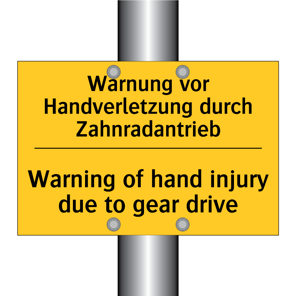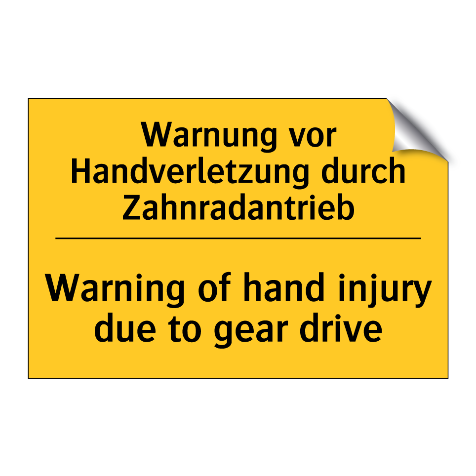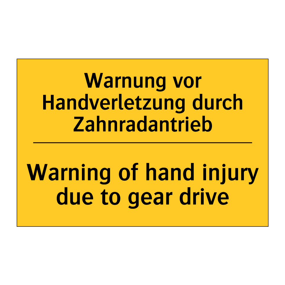 Zweisprachiges Warnschild mit deutschem Text Warnung vor Handverletzung durch Zahnradantrieb und englischem Text Warning of hand injury due to gear drive
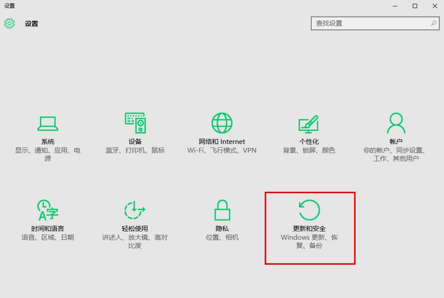 第一步:首先打开系统设置,随后进入"更新和安全",如下图。
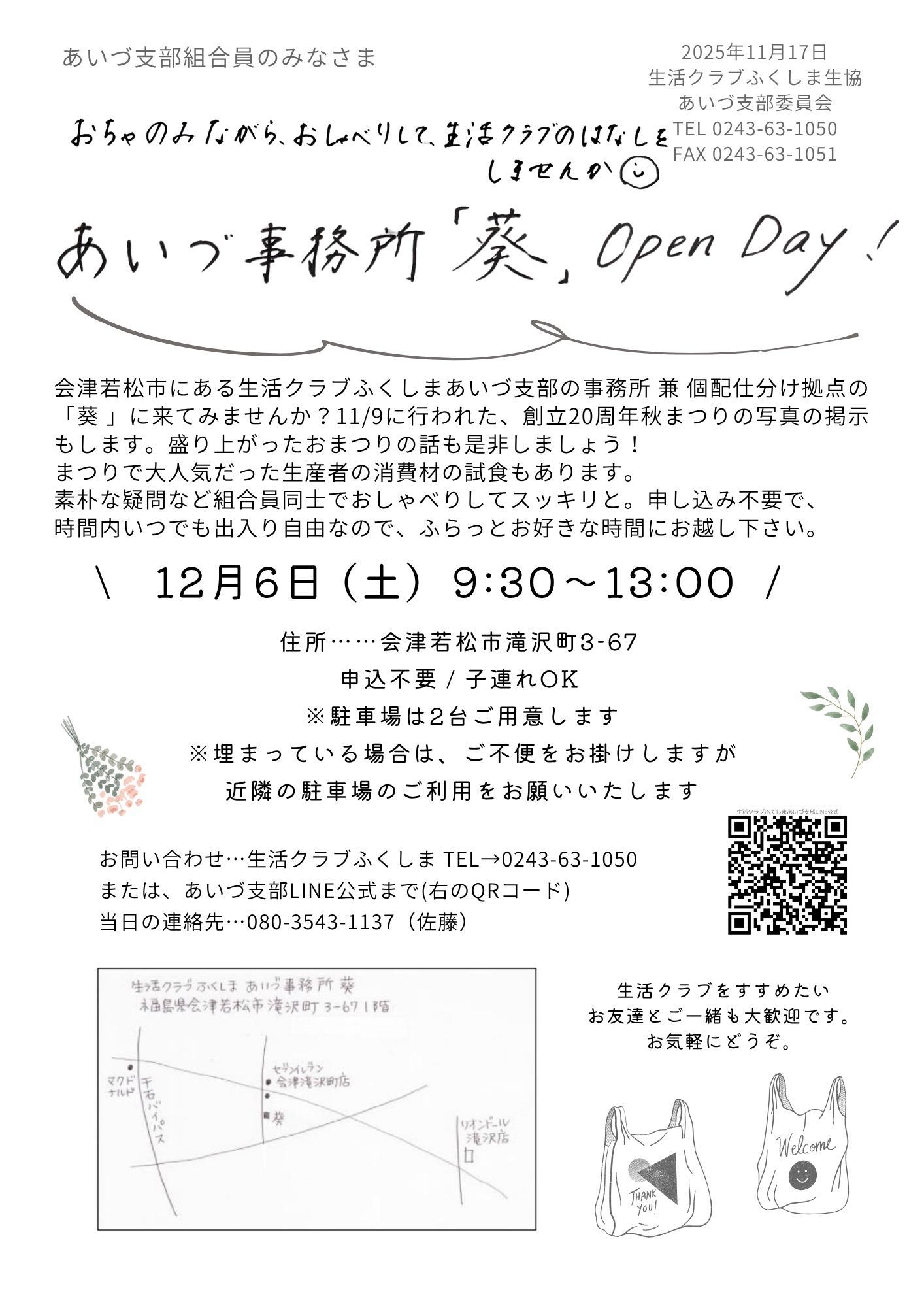 【12/6(土)開催】あいづ事務所「葵」Open Dayのお知らせ
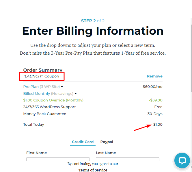 Now, under the Billing information, use the coupon code ‘LAUNCH’ to get your hosting for merely $1 for the first month
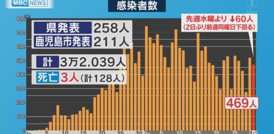 鹿児島県内では2日、新型コロナウイルスの感染者が新たに469人確認され、3人の死亡…
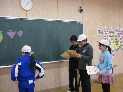 プレゼントカードをもらった6年生はとてもうれしそうに、班のメンバーからのメッセージを読んでいました。
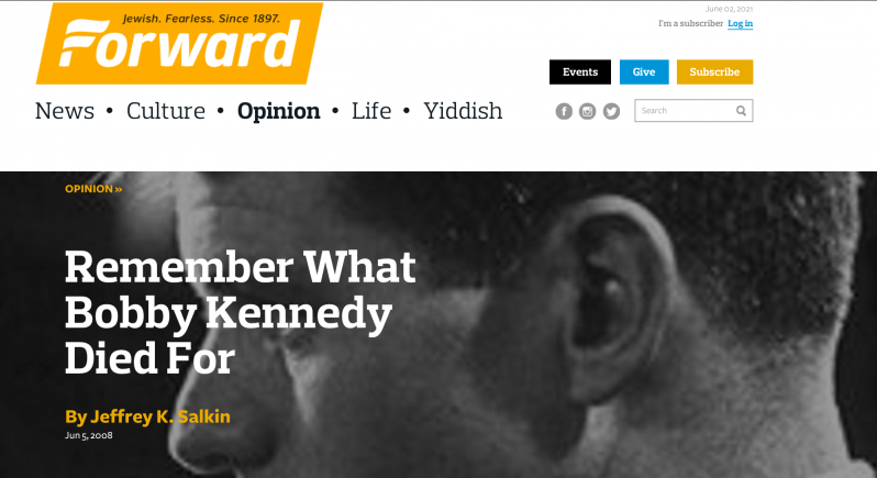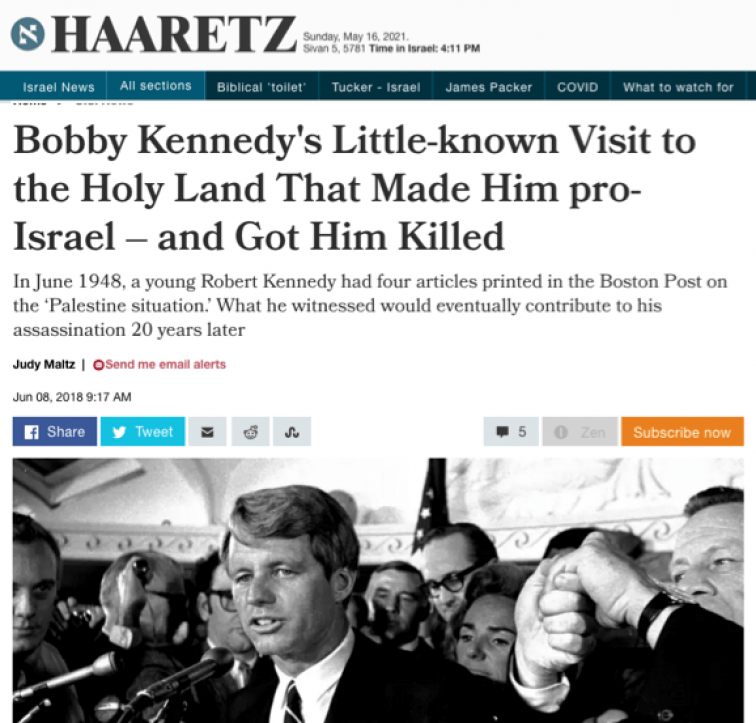 And so, the Forward insists: “One cannot help but note the parallel between [Robert] Kennedy’s assassination and the terrorist attacks of September 11, 2001. In both tragic cases, Arab fanaticism reared its ugly head on American soil, irrevocably changing the course of events in this country.”[5] And the lesson: “In remembering Bobby Kennedy, let us remember not just what he lived for, but also what he died for — namely, the precious nature of the American-Israeli relationship.”[6] In other words: let’s propagate the narrative, for it is good for Israel.
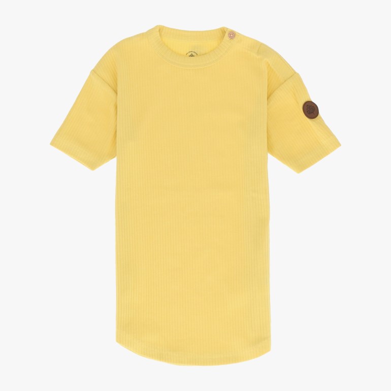 Perfekt for bruk i barnehagen og på skolen! Kjolen har en knappestolpe med treknapp på skulder. Halvmånefasongen i front og bak gir en løs og behagelig look. Kvaliteten er utrolig myk, faller fint og holder seg veldig godt i vask. Med et slitesterkt materiale vil denne kjolen kunne gå i arv til flere barn.
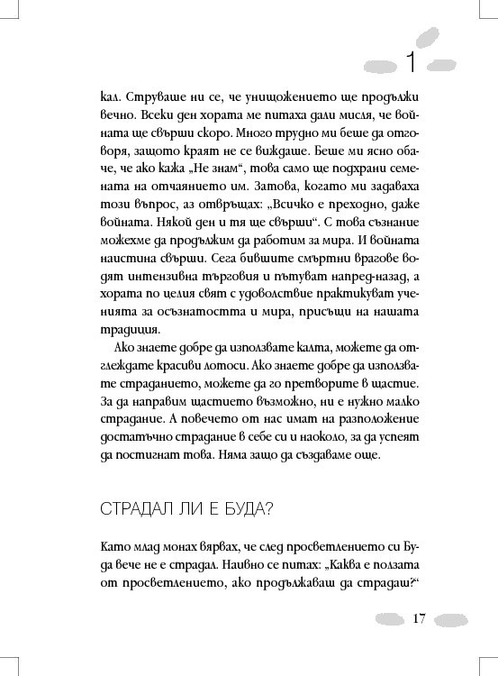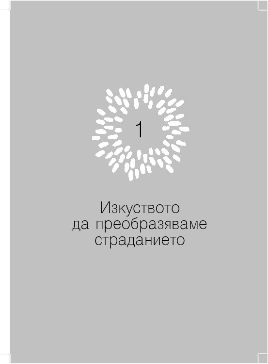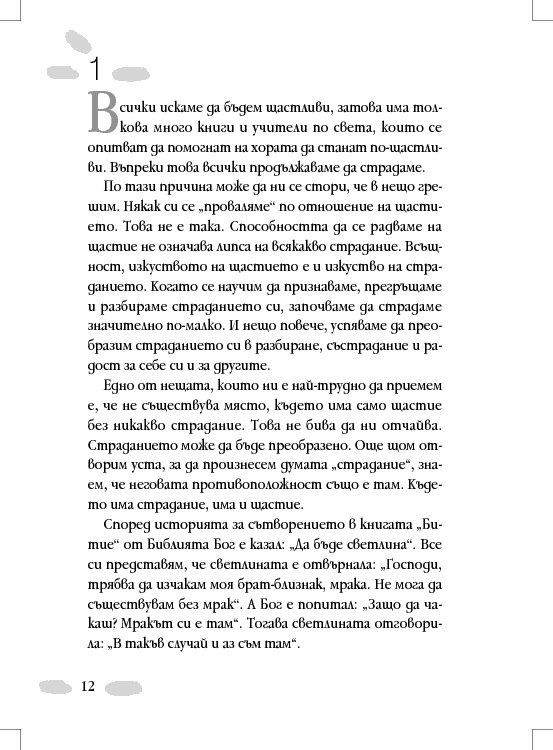 Едно от нещата, които ни е най-трудно да приемем е, че не съществува място, където има само щастие без никакво страдание. Това не бива да ни отчайва. Страданието може да бъде преобразено. Не бива да забравяме, че още щом отворим уста, за да произнесем думата „страдание“, неговата противоположност също е там. Където има страдание, има и щастие.
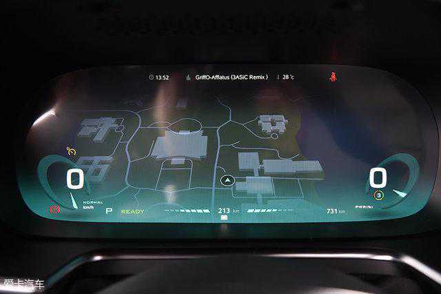 12.3英寸全液晶仪表盘显示效果精细,界面的设计也可圈可点。不过美中不足是,剩余续航里程的字体太小(仪表盘下部中间的位置),不够醒目,电池电量也没有精确的百分比显示。
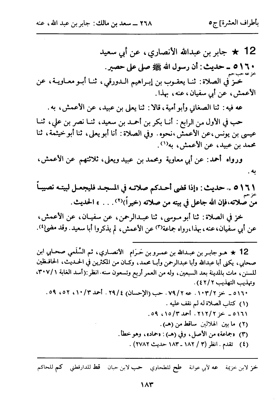 5161 - حَدِيثٌ (خز حم) : " إِذَا قَضَى أَحَدُكُمْ صَلاتَهُ فِي الْمَسْجِدِ فَلْيَجْعَلْ لِبَيْتِهِ نَصِيبًا مِنْ صَلاتِهِ , فَإِنَّ اللَّهَ جَاعِلٌ فِي بَيْتِهِ مِنْ صَلاتِهِ خَيْرًا ... " الْحَدِيثَ.
════════════════════
*ACTION ITEM:* Your task is to repeat the opening line of the entries above and each line after it, ending with the line that has "プレゼントカードをもらった6". Do not include the pictures.

*WRITTEN ANSWER:*
 Zweisprachiges Warnschild mit deutschem Text Warnung vor Handverletzung durch Zahnradantrieb und englischem Text Warning of hand injury due to gear drive
 第一步:首先打开系统设置,随后进入"更新和安全",如下图。
 【12/6(土)開催】あいづ事務所「葵」Open Dayのお知らせ
 Now, under the Billing information, use the coupon code ‘LAUNCH’ to get your hosting for merely $1 for the first month
 鹿児島県内では2日、新型コロナウイルスの感染者が新たに469人確認され、3人の死亡…
 プレゼントカードをもらった6年生はとてもうれしそうに、班のメンバーからのメッセージを読んでいました。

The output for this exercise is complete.